Steps to cook dark plum soup by yourself
Ingredients: 9g of Luoshen Flower, 9g of Xiancha, 60g of Mume, 6g of Glycyrrhiza uralensis Fisch, and about 250g of rock sugar.
1. Materials such as Luoshenhua, Xianzha, Mume and Glycyrrhiza uralensis Fisch are washed with clear water, put into a container, add 5000c.c water to boil over high fire, and then simmer for at least 1 hour. It is recommended to cook for more than 3 hours, and the taste and aroma will be more intense. Those who like dried tangerine peel can add boiling in this action.
2. It is recommended to cook for more than 3 hours, and the taste and aroma will be more intense. Those who like dried tangerine peel can add boiling in this action. Those who want to add osmanthus fragrans can add rock sugar and stew for 3 minutes before taking out the pot to release the fragrance. The amount of rock sugar can be increased or decreased according to personal taste.
3. After picking up the materials, put the whole pot of cooked sour plum soup in cold water and let it stand to cool.

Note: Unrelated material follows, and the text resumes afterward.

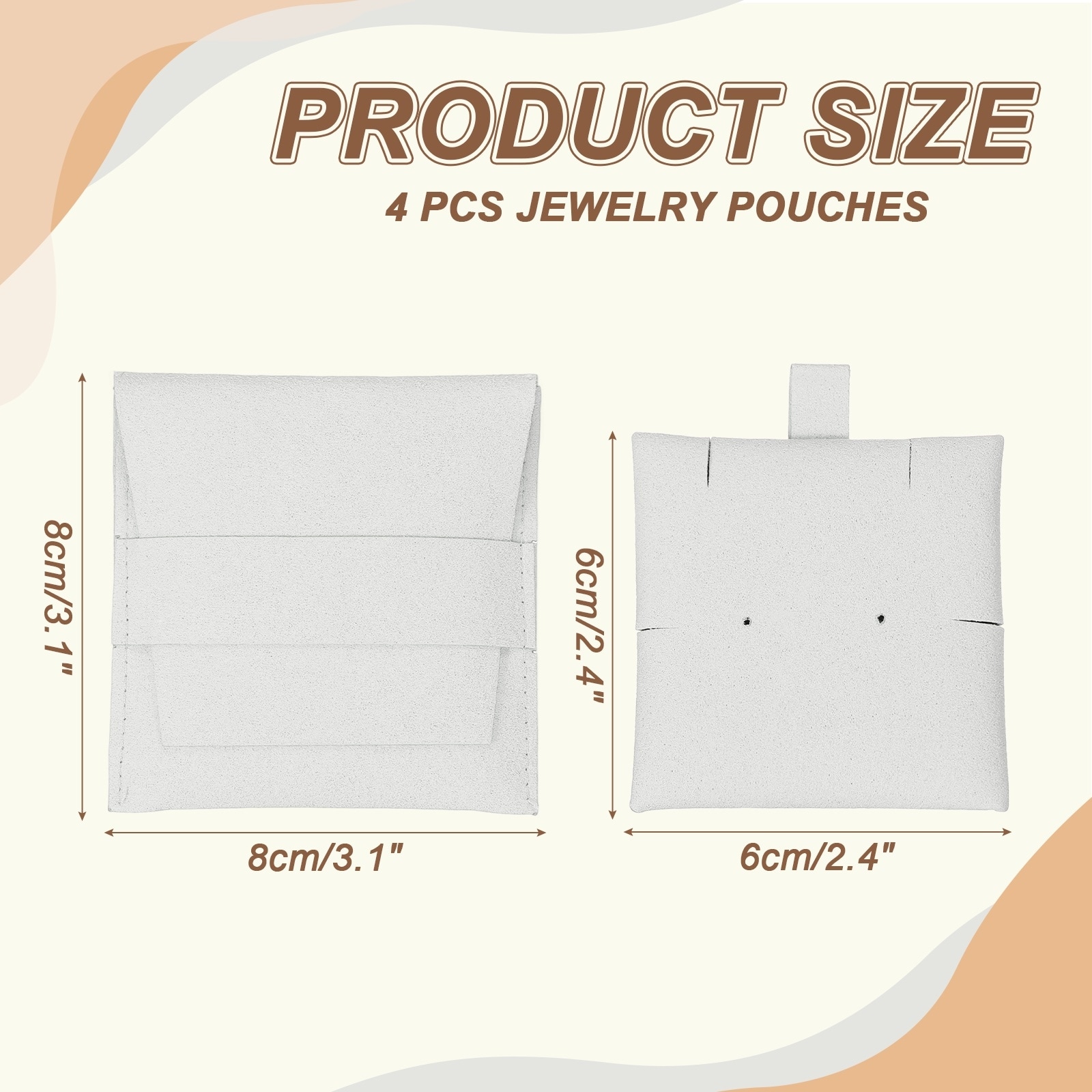 4 Pcs Microfiber Jewelry Pouches with Band, 3.1x3.1 Inch Light Gray - 3.1x3.1 Inch

4. After cooling the sour plum soup, filter the fine residue in the sour plum soup with a strainer and a funnel to avoid affecting the taste, and then bottle it and store it in the refrigerator.
Two-stage boiling method: For those who like to drink super-rich taste, it is suggested that all the materials such as ebony can be put into gauze bags, added into a container with 2,500cc of water, boiled over high fire and then boiled over low fire for 20-30 minutes, and the cooked sour plum soup can be kept. After the material bag is taken out, it is put into the second pot with 2,500cc of water, and boiled over high fire and then boiled over low fire/kloc- Then, mix two pots of sour plum soup, boil, add rock sugar and mix well. Although the two-stage boiling method is more labor-consuming, it will be richer in taste and more fragrant than the sour plum soup cooked at one time.
Preservation method: Sour plum soup is easy to deteriorate at room temperature. It is suggested that it should be cooled during high temperature in summer, bottled and refrigerated, and drunk as soon as possible within 5 days, with the freshest taste.